Thank you for any help!

Ryan


----------



## DMASSO (Jul 25, 2015)

I know on some HO power packs, they have a momentum button that does what you want. Not sure if G has that. I am sure there is a way but I do not know what to do electrically.
Maybe Gunrunner John will catch this and respond.


----------



## Big Ed (Jun 16, 2009)

Welcome to the site.

Do you watch it while it runs?
Or walk away? 
Sounds like a run away train could happen. 

How big of an area do you have for the G?
Is it inside or outside?


----------



## Dennis461 (Jan 5, 2018)

You'll need an external circuit.


----------



## Ryan C (May 19, 2021)

Big Ed said:


> Welcome to the site.
> 
> Do you watch it while it runs?
> Or walk away?
> ...


It runs around the top of our restaurant thru two dining rooms. We have had it up and running for a long time so i'm not worried about a runaway train  Im just trying to save the locomotives wear and tear.


----------



## Ryan C (May 19, 2021)

Dennis461 said:


> You'll need an external circuit.


Is that something I can buy? What would I look for?


----------



## Big Ed (Jun 16, 2009)

What a nice looking room. 
Magnificent viaduct structures, hot air balloons, cable cars and I can just make out an old rustic cabin up there.
You do all that?
Nice, I would like to see more, do you have a step ladder? 
Where about are you? Maybe you can pick up some more business by posting the location? If you want.

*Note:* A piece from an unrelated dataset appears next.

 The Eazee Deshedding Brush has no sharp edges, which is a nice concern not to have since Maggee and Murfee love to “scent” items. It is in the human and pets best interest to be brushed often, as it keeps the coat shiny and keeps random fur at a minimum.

I run old school, hands on the throttle, I can't help you on what you want to do.
But by now I thought that some of our electrical guru's would have said something by now.


----------



## MichaelE (Mar 7, 2018)

Very nice looking room. Is that a German or Swiss restaurant?


----------



## Ryan C (May 19, 2021)

MichaelE said:


> Very nice looking room. Is that a German or Swiss restaurant?





Big Ed said:


> What a nice looking room.
> Magnificent viaduct structures, hot air balloons, cable cars and I can just make out an old rustic cabin up there.
> You do all that?
> Nice, I would like to see more, do you have a step ladder?
> ...



I didn't want to lead with the restaurant part because I didn't want it to look like we were trying to advertise. Since you asked, We are actually a seafood restaurant located in Scranton PA. We are located in the old *Erie-Lackawanna* Railroad Station. My grandfather started it in 1948 and was also a huge Lionel train fan. As a homage to that, we have an artist that works with create an around the world by train in our dining rooms. Coopers-seafood.com

It's a huge hit and people come from all over to check it out! Ill get some more photos for you! Thanks! 


As you can imagine the engines run ALOT. We have a dead track set up so it goes around once then stops, pauses for 5 minutes then goes around a gain. Repeat...

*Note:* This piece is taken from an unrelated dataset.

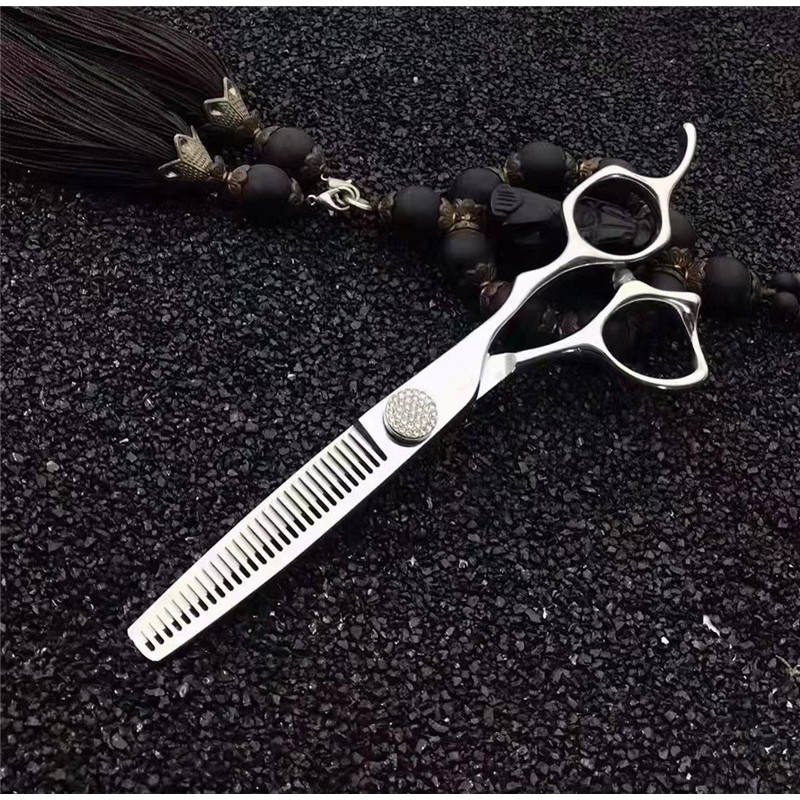 6-inch flat shears and 6-inch thinning shears; custom sizes available.

I'm hoping to start the trains up slowly to reduce the wear and tear of the starting from 0 every 5 min.

Thanks!!


----------



## Big Ed (Jun 16, 2009)

I used to get up to Scranton a lot delivering chemicals with a truck/tank trailer.
DG Nicholas warehouse was one that took them, another was UGL , United Gilsonite Laboratories on the other side of town. Been delivering there since the 70's.
One more down on RT 11 on the south side of town I can't think of the name right now.
I used to drive by you I think? Coopers? You are close to the DG Nicholas place. ( I think they were on Olive street?)
I had to go in a certain way as I delivered in their back ally and had to get in the narrow ally street only one way. And then I just cleared the corner! The way I went in took me right by your place.
Never been to Coopers, but have heard about them. I do have a picture of your place somewhere in my travel pictures I took. Loved the octopus and lighthouse. Can't miss your building.
Cool building, a lot of train history up the in Scranton that is for sure.

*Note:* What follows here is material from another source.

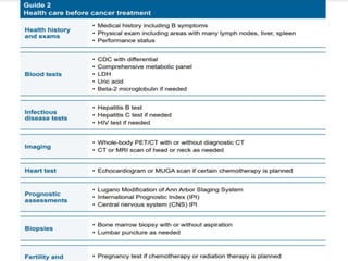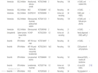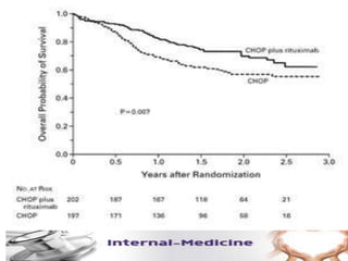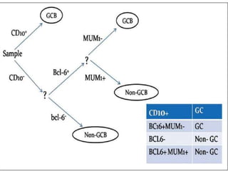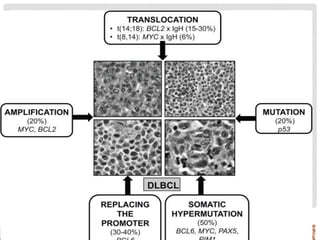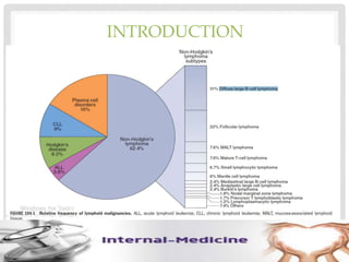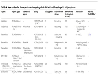 This document provides an overview of diffuse large B-cell lymphoma (DLBCL), including epidemiology, risk factors, presentation, histology, genetics, therapy, and treatment options. DLBCL is the most common subtype of non-Hodgkin lymphoma. The standard first-line treatment is rituximab combined with cyclophosphamide, doxorubicin, vincristine, and prednisone (R-CHOP). For early stage disease, options include full chemotherapy or abbreviated chemotherapy with radiation. Advanced disease is treated with full chemotherapy. Refractory cases may be treated with newer agents or CAR T-cell therapy.

You don't want to put a plug in?
Then I will. 
I would imagine that a lot of folks on the site have been to Scranton for the trains some more then once. They might have even been to your place. 








Cooper's Seafood House


Owned and operated by the Cooper family since 1948 Coopers has become a landmark in Scranton PA. The current location has evolved a long way from the original restaurant that used to be the passenger station of the Erie - Lackawanna Train Station and now encompasses a full sized pirate ship that...




maps.roadtrippers.com


----------



## Gramps (Feb 28, 2016)

I can't help with your original question but I was in G scale a few years ago and there were online forums like: mylargescale.com, largescalecentral.com and largescaleonline.com . You might get your answer there, good luck.


----------



## Gramps (Feb 28, 2016)

Hey Big Ed, there is another Big Ed who posted in the New Collection thread in the HO forum.


----------



## T-Man (May 16, 2008)

Dallee makes a Momentum board. Back in 2013 I worked on one for a G scale train except is was a back and forth. The info should be there in the thread,

The Dallee Momentum board 567


----------



## Railroadinovations (May 25, 2011)

Try purchasing a transformer with a momentum control switch like Bridgewerks. (there are others as well)
They are a bit more expensive but will last a very long time and when power is aplied, the momentum switch will be on and the train will start slow and increase in speed slowly to whatever speed you set it at. There is one issue though, stopping will unfortunately still be sudden because when the power is cut or suddenly unavailable, the train is going to come to a dead halt no matter what you do.
Don't know if a capacitor system would help with that or not. There may be some circuitry out there to solve that problem but with a good transformer with momentum control, you'll solve your problem halfway at least.
As far as technology goes to bring the train to a slow stop after power is cut, that may have to be custom built and since I've never done that part, I can't advise you on that but maybe somebody else knows here. As suggested before check with large-scale central.com or other large-scale forums for that solution.

That Dallee Mo 1 momentum board may help solve the latter problem or be good for both start/stop. Worth a try.
Hope that helps some.
Ken


----------



## Ryan C (May 19, 2021)

Thank you all for your input. Ill take a look at these and report back if / when i get it working!


----------